The Momentum Composite aggregates signals in five momentum indicators. RSI(10) is oversold below 30 and overbought above 70. 20-day StochClose is oversold below 5 and overbought above 95. CCI Close (20) is oversold below -200 and overbought above +200. %B (20,2) is oversold below 0 and overbought above 1. Normalized ROC (10) is oversold below -3 and overbought above +3. Normalized ROC is the 10-day absolute price change divided by ATR(10). -3 means three of the five indicators are oversold and +3 means three of the five are overbought.

The Momentum Composite and StochClose are part of the TIP Indicator Edge Plugin for StockCharts ACP. Click here for more details.

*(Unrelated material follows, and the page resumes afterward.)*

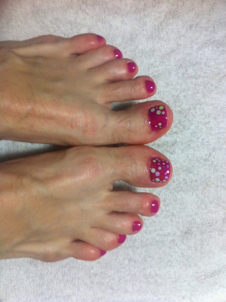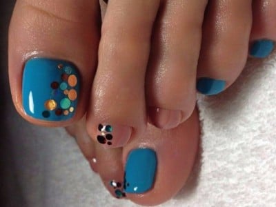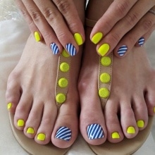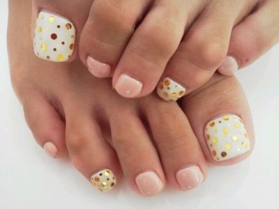 Such a pedicure is suitable for a holiday, as well as for a regular walk, it will look great with a trapezoidal skirt with polka dots.
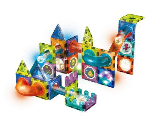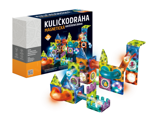 „Vytvor si vlastnú guličkovú dráhu a zaži nekonečnú zábavu pri stavaní, hraní a objavovaní! Táto kreatívna stavebnica ti umožní postaviť rôzne scény, trojrozmerné štruktúry, alebo si zahrať rôzne hry, ako je domino, alebo zistiť, ktorá gulička bude prvá v cieli. Dráha je vybavená svetelnými efektmi, ktoré fungujú vďaka LR1130, LR41 a CR1220 batériám (nevymeniteľné, jednorazové použitie),

The Metals & Mining SPDR (XME) sports a large Ascending Triangle, which is a bullish continuation pattern. The swing within the pattern was down and XME reversed this downswing with a breakout five days ago and followed through with further gains. This increases the chances for a bigger breakout at 48. A close below 42 would argue for a re-evaluation.

The Gold SPDR (GLD) has gone either way since this year, and could still go either way. How’s that for ambiguous! GLD started the year with a 14% plunge and answered that decline with a 13% advance. The swings since these two double digit moves have been smaller and GLD is largely range bound. Short-term, the 8% surge and breakout were bullish and GLD retraced 2/3 of this surge with a decline back to the 165 area. The ETF broke out with the surge in mid December and this breakout is holding for the most part. A close below 166 would negate this breakout and call for a re-evaluation.

Thanks for tuning in and have a great day!